Итак, они прячут это, они на цыпочках обходят огромную трещину, открывшуюся под ногами: по вечерам Эмили никогда не одолевает сон. Эмили может достигнуть сна только терпением и упорством. Они смотрят на сестру. Кожа под веками голубая, зубы проступают под иссохшими губами, придавая Эмили откровенный и противоречивый вид. Энн нежно убирает волосы с ее лица, и беглый взгляд, брошенный на Шарлотту, признает странность ситуации: самая младшая, та, о которой всегда заботились, поменялась местами.

— Ее нужно уложить в постель, — говорит Шарлотта и в секундном забытье собирается позвать Брэнуэлла и посмотреть, достаточно ли он трезв, чтобы нести Эмили. (Как жить во мраке?..) — Как думаешь, мы сможем сами отнести ее наверх? Ведь если мы ее разбудим, она не примет нашей помощи, настоит на том, чтобы подниматься самой, и сделает себе хуже…

Они предпринимают попытку. Эмили очень мало весит: неудобство доставляют только длинные руки и ноги. Когда они доходят до подножия лестницы, Эмили начинает шевелиться, оглядывая сестер затуманенным взором.

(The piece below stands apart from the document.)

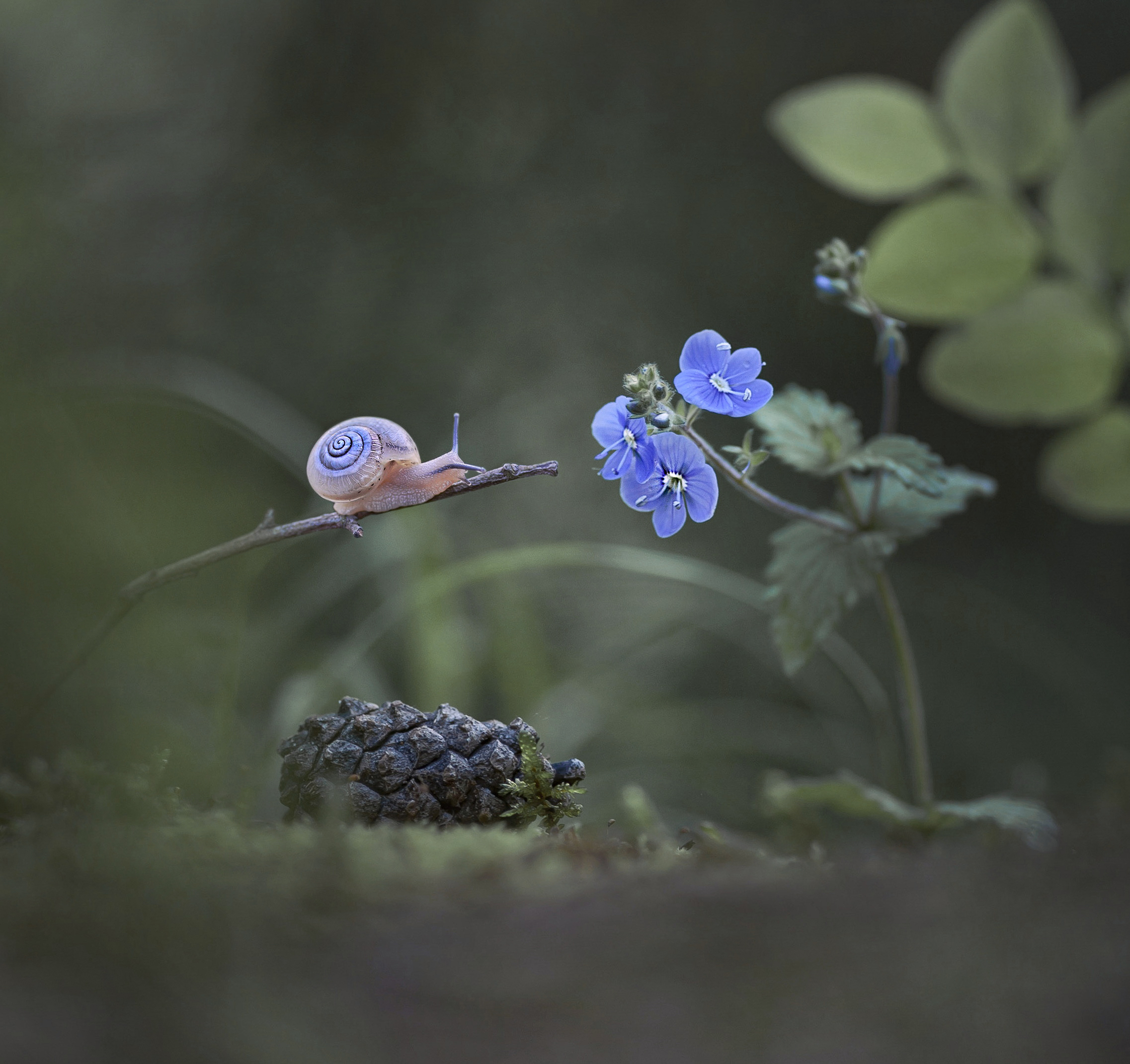 Улитка на ветке, словно взвешивает шаг к цветку — момент застывший, но полный движения. Макро-рамка передаёт тонкость жизни: шелушащаяся раковина, нежные лепестки вероники, шишка внизу — как ступенька к свету. 🌿

— Нет. — Она вырывается из рук, ставит ноги на ступеньку. — Нет, вы достаточно для меня сделали.

И поднимается на второй этаж сама, высоко и натянуто подняв голову, цепляясь за перила. Часы на промежуточной площадке отсчитывают медленные, очень медленные шажки.

Они надеются на проблеск света. Или, когда эта надежда умирает, надеются просто, что течение событий застынет, что ничего не будет происходить. А вместо этого вот что: Марта Браун, с покрасневшим носом и серьезными глазами, подходит к Шарлотте перед завтраком, чтобы рассказать о гребне.

— Она заставила поклясться, что я ничего не скажу, но мне все равно, я должна сказать. Она расчесывала волосы, и это было так медленно, как будто она едва может водить гребнем, хотя ее волосы сделались тонкими и редкими. А потом она его уронила и он полетел в камин. Она не могла даже протянуть руку, чтобы достать его. Пришлось мне доставать. Ах, может, позовете доктора?